In addition to better engines one positive change to the Cutlass that would have significant benefit would be to reconfigure the wing for better and more effective high lift/high drag devices, like Fowler flaps, or a variable incidence wing or the like. The position of the cockpit and the inability to increase the nose length or radome size all harken back to the long nose wheel strut needed to increase the angle of attack to allow take offs and landings are reasonable speeds. Additional engine power doesn't affect that, you need to get the drag up while also increasing lift to get the airspeed down to acceptable carrier values.
Possibly modern carrier landing speeds are now higher, obviating the need for the long struts or extreme lift/drag devices, which would be good for this planform.
If you could get the nose down to something approaching that of other aircraft of the period, then you have a lot of scope to ad d a longer nose, bigger radome, more fuel, second crewman, etc.
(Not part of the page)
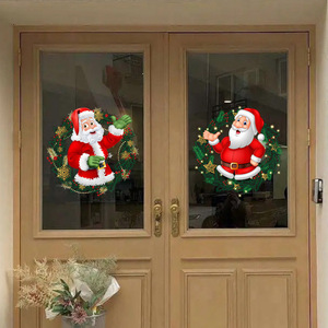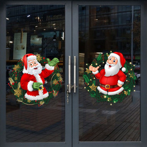 欧美跨境热卖卡通圣诞老人贴纸 客厅大门自粘圣诞墙贴批发自粘批
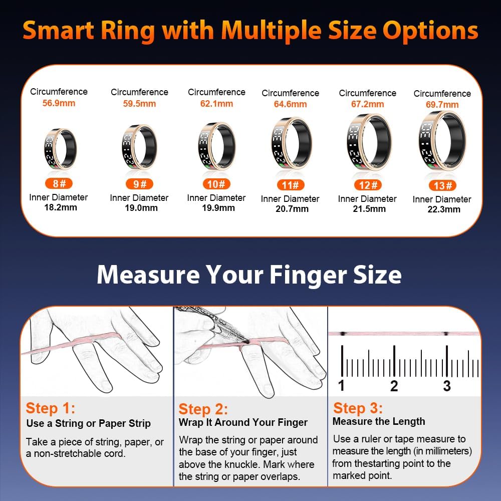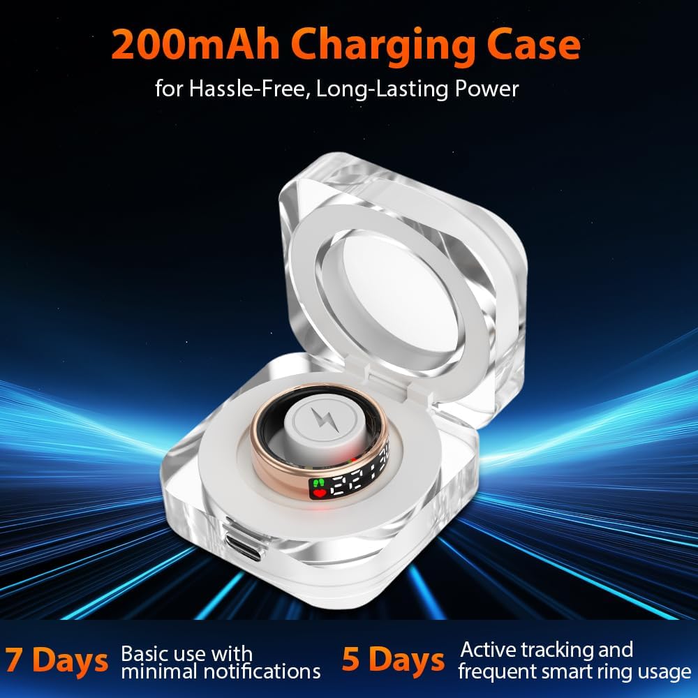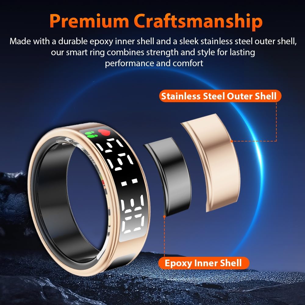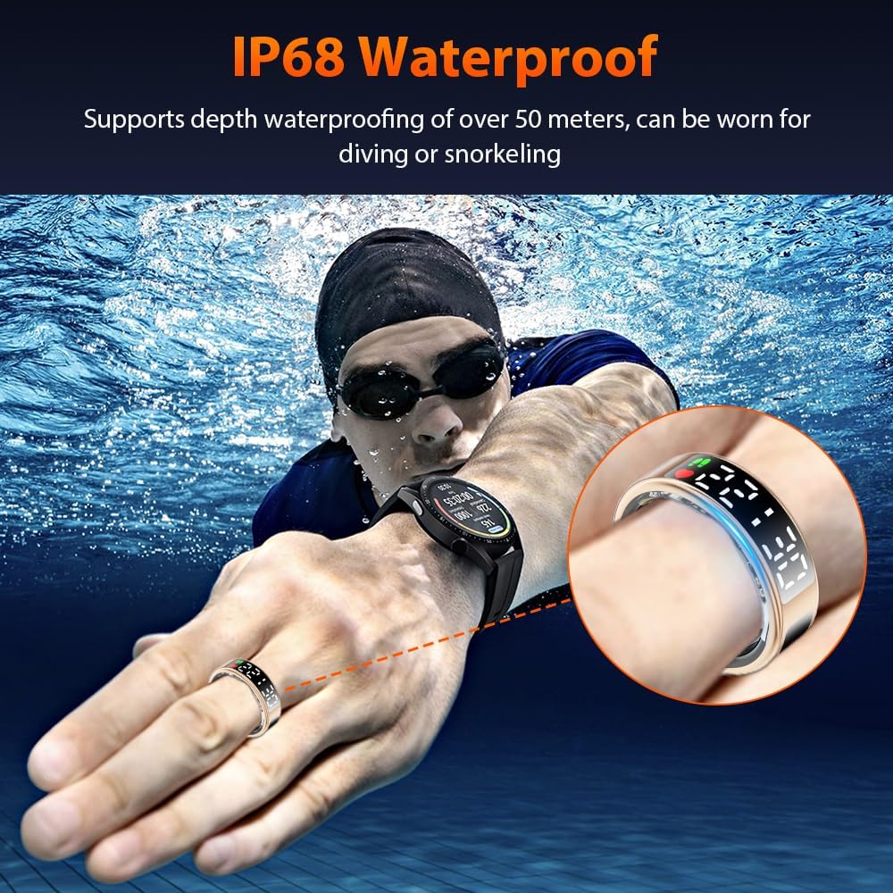 Premium Material & IP68 Waterproof: Crafted from high-quality epoxy resin and stainless steel, this ultra-light 4g smart ring is durable and comfortable to wear. With advanced sealing technology and an IP68 waterproof rating, it withstands water immersion, making it ideal for daily activities like hand washing, workouts, and even diving or snorkeling. Built for durability, its robust construction ensures long-lasting performance.

But it all comes back to the wing and the landing speed.
By all accounts, once you got the thing in the air and if you could keep it together long enough, the Cutlass was a really good fighter with great roll rates (i.e. turning performance) and being a steady gun/bomb platform.
A strike version based on a better nose, two crew, more fuel and possibly higher thrust, yet dry (non-afterburning) turbofan engines (like the Spey) carrying a pile of bombs could be a very competitive aircraft through the 60s and 70s.